**Records supplied**.
-- -- --

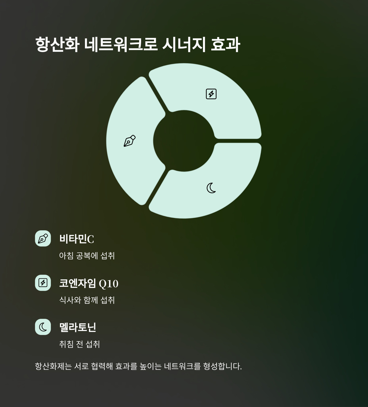 항산화제는 서로 협력해 효과를 높이는 네트워크를 형성해요. 비타민C는 코엔자임 Q10을 재활용하고, 멜라토닌은 비타민C의 항산화력을 강화해요. 이 시너지가 세포 보호를 극대화하죠.
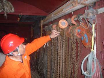 此次檢查,主要是針對(duì)目前鋼結(jié)構(gòu)制作和安裝過程中,施工使用的50噸履帶吊車的安全性能。檢查內(nèi)容包括:吊車的限位器、操作性能、報(bào)警裝置、掛鉤、鋼絲繩等關(guān)鍵部位。同時(shí),檢查小組對(duì)非標(biāo)隊(duì)已入庫的手拉倒鏈也逐一進(jìn)行了檢查,并要求勞務(wù)隊(duì)長加強(qiáng)對(duì)入庫的起重機(jī)具的管理,確保安全使用性能。
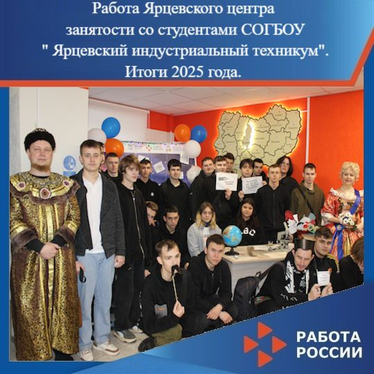 В 2025 году Ярцевский центр занятости тесно сотрудничал с СОГБПОУ «Ярцевский индустриальный техникум». В течении года проведено более 20 мероприятий, таких как профтуры, ярмарки вакансий, мастер-классы и деловые игры, в которых участвовали более 200 студентов.
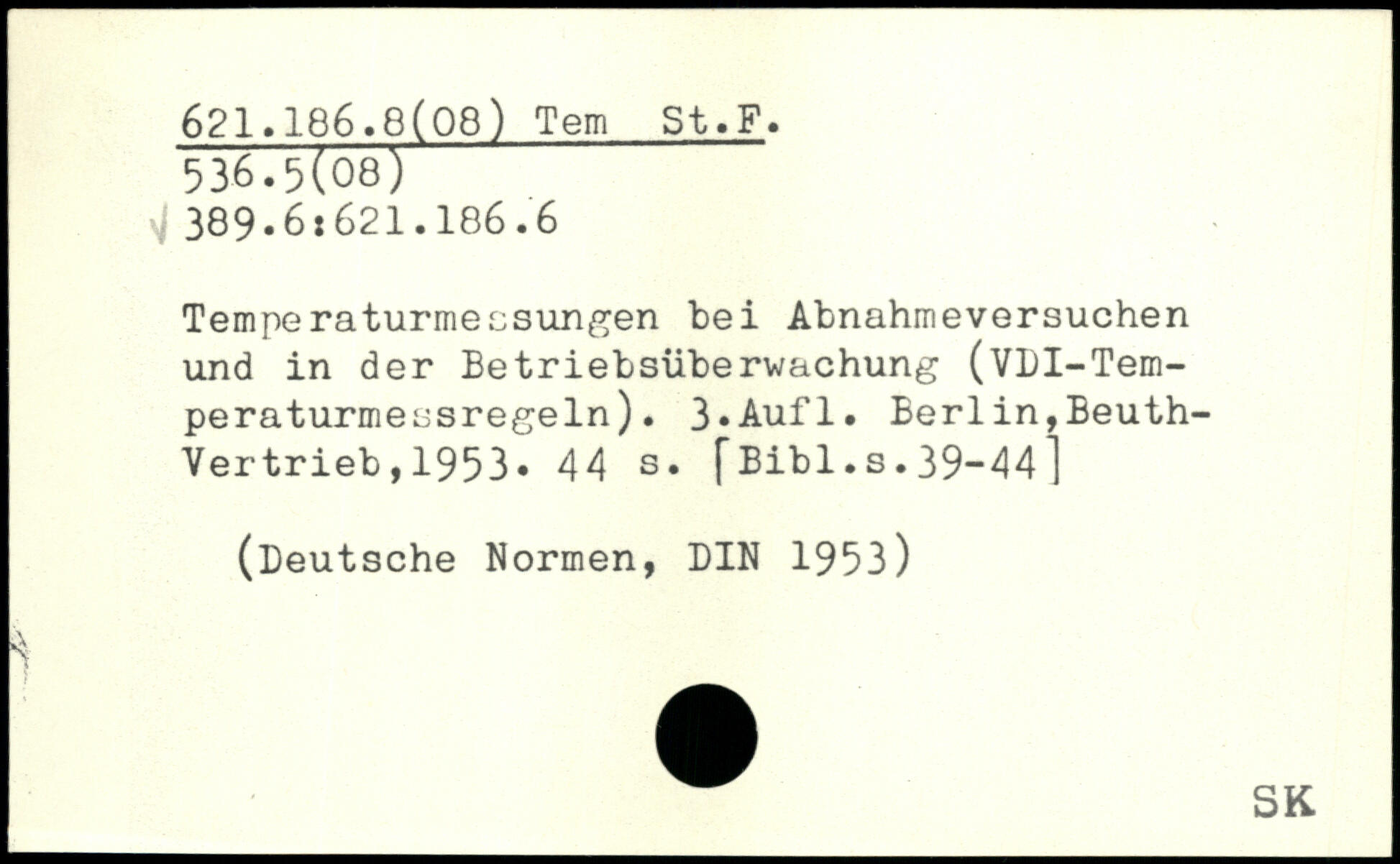 Temperatürmecsungen bei Abnahmeversuchen und in der Betriebsüberwachung (VDI-Tem-peraturmessregeln).
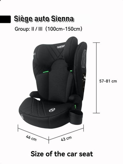 Details: FOR CHILDREN FROM 4 TO 12 YEARS OLD: A car seat for children from 100 to 150 cm (15 to 36 kg). It is installed facing the road with a car seat belt. STANDARD: Car seat compliant with the latest R129 i-Size standard. ECE R129 certification indicates that the seat is safe and complies with the latest standards. The Nania Sienna child booster seat has been tested under rigorous conditions in side and head-on collisions. SAFETY: The Nania car seat is equipped with dedicated safety systems (SPS) and Head-Protect to protect the child as a whole. The SPS or reinforced side protectors protect the child's shoulders and hips. Head-Protect is a headrest that absorbs the energy resulting from an accident. The headrest is adjustable to 12 positions - you can adjust it with just one hand. UNIVERSAL: installation of the 3-point belt is quick and easy. You can install the car seat in any car. Comfortable: the Sienna child seat has a deep, wide seat covered in EPE foam, which absorbs shocks and ensures that your child sits comfortably. Comfort is also ensured by comfortable armrests that keep the belt in the right position. It also has a contoured backrest and the cover is removable and washable. Supplied with a flexible cup holder.
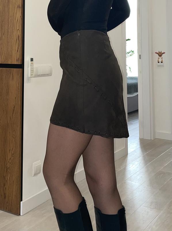 Дуже цікава спідниця,матеріал дуже схожий на замш. Перед трохи коротше, а ззаду довше. На стегна 93-95 ідеально
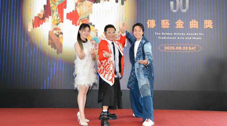 許效舜(中)、楊小黎(左)、柯大堡出席傳藝金曲記者會。(圖/黃盈容攝)

-- -- --

Write out the records above exactly. Begin with the first line, end with the line holding "Temperatürmecsungen bei Abnahmeversuchen", and drop the pictures.

**Written solution**.
 항산화제는 서로 협력해 효과를 높이는 네트워크를 형성해요. 비타민C는 코엔자임 Q10을 재활용하고, 멜라토닌은 비타민C의 항산화력을 강화해요. 이 시너지가 세포 보호를 극대화하죠.
 此次檢查,主要是針對(duì)目前鋼結(jié)構(gòu)制作和安裝過程中,施工使用的50噸履帶吊車的安全性能。檢查內(nèi)容包括:吊車的限位器、操作性能、報(bào)警裝置、掛鉤、鋼絲繩等關(guān)鍵部位。同時(shí),檢查小組對(duì)非標(biāo)隊(duì)已入庫的手拉倒鏈也逐一進(jìn)行了檢查,并要求勞務(wù)隊(duì)長加強(qiáng)對(duì)入庫的起重機(jī)具的管理,確保安全使用性能。
 В 2025 году Ярцевский центр занятости тесно сотрудничал с СОГБПОУ «Ярцевский индустриальный техникум». В течении года проведено более 20 мероприятий, таких как профтуры, ярмарки вакансий, мастер-классы и деловые игры, в которых участвовали более 200 студентов.
 Temperatürmecsungen bei Abnahmeversuchen und in der Betriebsüberwachung (VDI-Tem-peraturmessregeln).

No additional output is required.